Research group develops a simple test kit that combines science and mobile phones
A research group has introduced a crowdsourcing technique to measure the quality of drinking water. This technique can prove to be a boon for a country like India where only 10 million service points monitor the quality of drinking water for people in rural areas.
The National Environmental Engineering Research Institute (NEERI) and the London School of Hygiene and Tropical Medicine participated in the research, sponsored by the US Institute of International Education.
The crowdsourcing technique, which requires 53-cent (32-rupee) test kits and a high penetration of mobile phone services in the country, can help people in villages check the quality of their water sources and address the shortcomings according to findings. After successful pilots in eight villages near Nagpur in Maharashtra this summer, the researchers are now planning widespread evaluation in 2015. If they succeed, the technique would be implemented in other countries too.
Current monitoring techniques are expensive and are available only at sophisticated laboratories in India. Therefore, lab testing is not feasible in a country of India’s scale and size.
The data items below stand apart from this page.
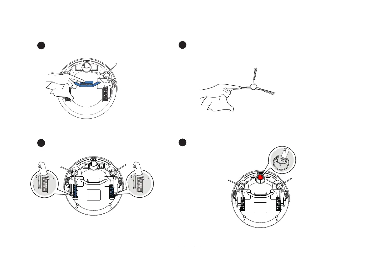Unplug the side brushes and wipe them with a piece of clean cloth.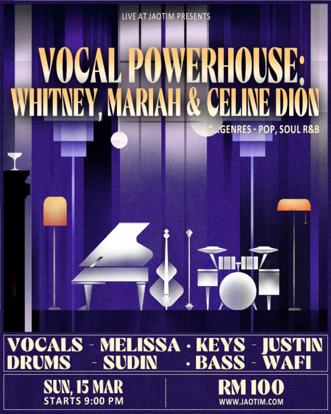 Get ready for a night of soulful singing and dazzling performances at JAOTIM with Whitney, Mariah, and Celine Dion! 🎶 Experience the magic of pop, R&B, and soul as Melissa, Keys, Justin, Sudin, Bass, and Wafi bring the house down. Don’t miss out on this vocal extravaganza! 🎤✨ Book your tickets now at www.jaotim.com!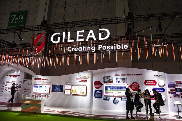2022 年 11 月 7 日,第五届进博会药品展区,美国知名生物科技公司吉利德展台(图片来源 :视觉中国)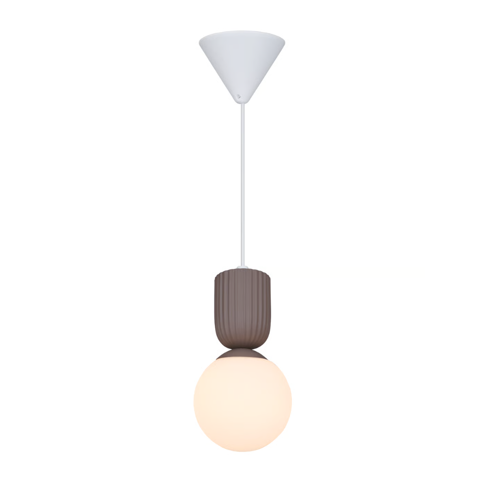 Sadie-pendeln kombinerar en krusig opalglasskärm med en rund keramiksockel i ljusbrunt. Den mjuka formen och den munblåsta glasstrukturen skapar en organisk och tidlös estetik som ger rummet karaktär och värme.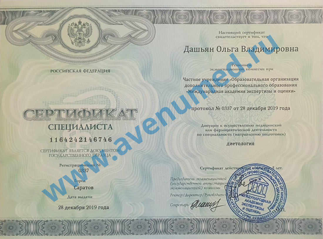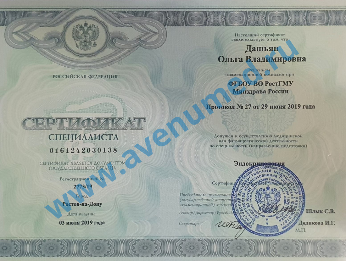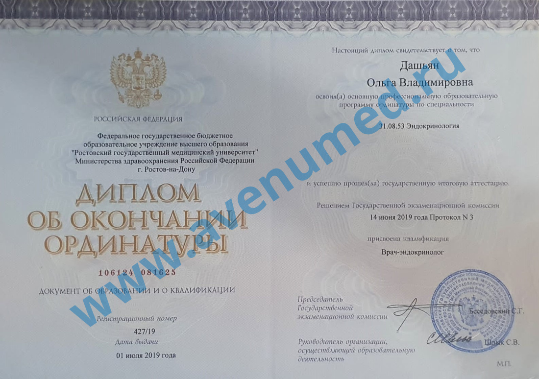 - 2019 г. - ординатура по специальности "Эндокринология", РостГМУ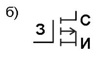 С-сток, И – исток, З -затвор Рис.2.26. УГО транзисторов типа а) р-МОП и б) n -МОП Существуют системы ЦЭ на полевых транзисторах, которые различаются по типу транзисторов, используемых в них: 1) используются только n–МОП - транзисторы; 2) используются только р-МОП - транзисторы; 3) используются n –МОП и р-МОП – комплиментарные или к-МОП- транзисторы. Транзисторы типа р-МОП открываются отрицательным уровнем напряжения на затворе по отношению к истоку, а транзисторы типа n –МОП - положительным уровнем напряжения. Принципиальная схема универсального логического элемента представлена на рис. 2.27. Эта схема пригодна для МОП - транзисторов с любым типом проводимости. Особенности схемы: 1) амплитуда логического сигнала равна амплитуде питающего напряжения, 2) наличие только непосредственных связей между элементами, 3) роль нагрузочных сопротивлений выполняют также МОП – транзисторы, находящиеся в определенном линейном режиме.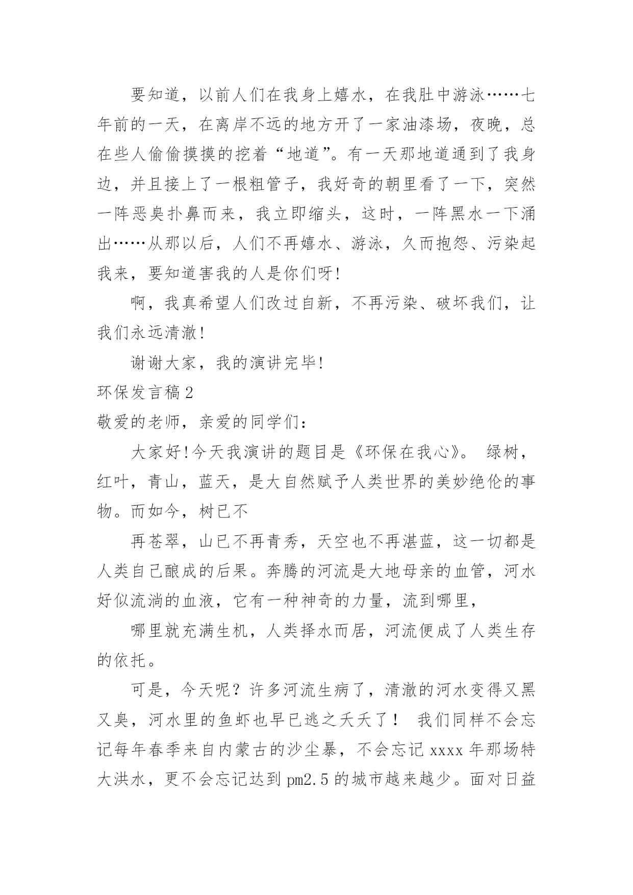 环保发言稿精编

"It would be impossible to pay somebody to go out and take all these samples, bring them back to a central lab and process them under controlled conditions," says Joe Brown, assistant professor at Georgia Tech's School of Civil and Environmental Engineering, who leads the project. "But we think there are many promising methods to test water safety which don't involve expensive laboratories and highly-trained personnel."
How it works
People in villages are given test kits, which include a test tube containing a yellow-coloured material. They are asked to fill the tubes with water, either from a tap or from a home water storage container, and allow the water to incubate in the test tube overnight. If the material turns purple, it indicates the presence of E. coli, a type of bacteria often present in contaminated water. People then use a mobile phone to send a series of numbers that signify whether the test material remained yellow, indicating safe water, or turned purple to indicate contamination.
A programmed smart phone receives and analyses the text messages and automatically calculates the overall water quality village to village. It also accounts for errors in reporting by looking for trends in the overall results.
"The key to this is aggregating many samples that indicate the presence or absence of bacteria," explains Brown. "Individually, the tests don't tell us much, but if you take a thousand of them, you can compute an estimate of the microbial counts in a typical source of drinking water."
In the evaluation carried out near Nagpur, the research team received results from a quarter of the 1,800 people who were given the kits, and when they returned to the villages for follow-up meetings, 60 per cent of the kits they distributed were submitted for analysis.
The researchers found that in most cases, the quality of tap water was better than that of stored water. Likely reasons for the contamination included a failure to cover home containers and the use of contaminated cups or bowls to take water from the containers.
"We think this may be a scalable model for large-scale environmental monitoring for settings in addition to India. The tests themselves worked well and there was a clear colour change to indicate the presence of the bacteria,” he adds.
The team expects to return to India in 2015 for larger-scale evaluation of the technique. The goal will be to compare the results produced by crowdsourcing against conventional sampling done by scientists at NEERI. Based on what they learned this year, the researchers plan to evaluate the use of other village groups, including schoolchildren and women's self-help groups, to conduct the water testing.
Brown believes the testing programme will empower rural citizens of India to take responsibility for their drinking water.
"This could be a disruptive technology because it's giving people the power to evaluate the safety of their own drinking water," he says. "The test turning purple provides a dramatic way to communicate water quality issues, and opens up conversations that would never have occurred otherwise."